HA pairs always consist of like controller models. The controllers typically reside in the same chassis with redundant power supplies.
An internal HA interconnect allows each node to continually check whether its partner is functioning and to mirror log data for the other’s nonvolatile memory. When a write request is made to a node, it is logged in NVRAM on both nodes before a response is sent back to the client or host. On failover, the surviving partner commits the failed node’s uncommitted write requests to disk, ensuring data consistency.
Connections to the other controller’s storage media allow each node to access the other’s storage in the event of a takeover. Network path failover mechanisms ensure that clients and hosts continue to communicate with the surviving node.

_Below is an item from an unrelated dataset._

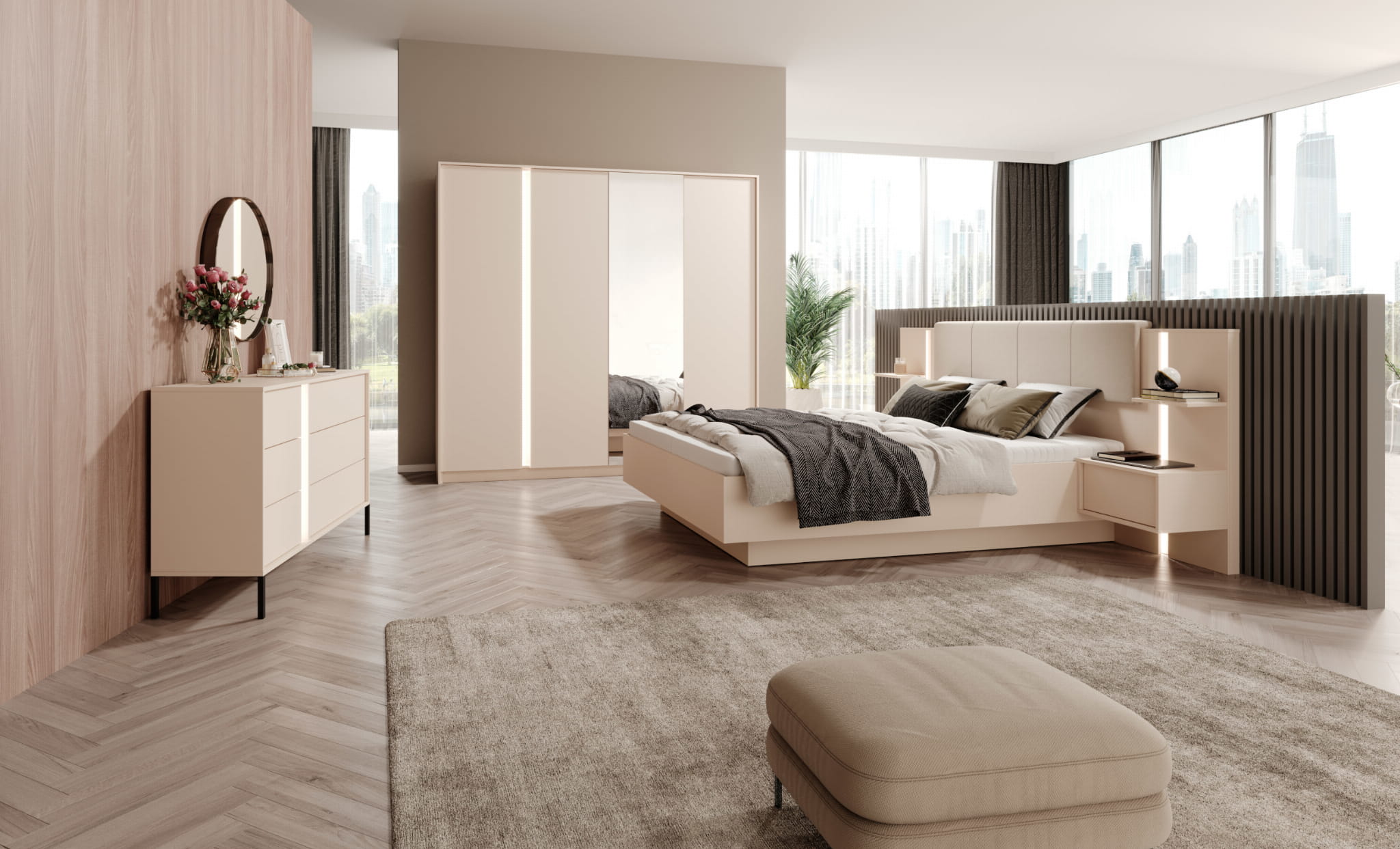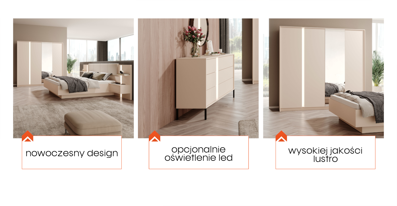 Odkryj kolekcję mebli DASH - nowoczesna elegancja w kolorze beżowym. Szafa z efektownym oświetleniem LED, łóżko ze stolikami nocnymi i stylowa komoda to nie tylko funkcjonalne elementy, ale także wyjątkowe akcenty, które nadadzą Twojemu wnętrzu wyrafinowanego charakteru. DASH to propozycja dla tych, którzy cenią nie tylko designerski styl, ale także praktyczność. Odkryj, jak kolekcja DASH może przekształcić Twoje wnętrze, tworząc harmonijną przestrzeń pełną stylu i komfortu.

To assure availability, you should keep performance capacity utilization on either node at 50% to accommodate the additional workload in the failover case. For the same reason, you may want to configure no more than 50% of the maximum number of NAS virtual network interfaces for a node.
Takeover and giveback in virtualized ONTAP implementations
Storage is not shared between nodes in virtualized “shared-nothing” ONTAP implementations like Cloud Volumes ONTAP for AWS or ONTAP Select. When a node goes down, its partner continues to serve data from a synchronously mirrored copy of the node’s data. It does not take over the node’s storage, only its data serving function.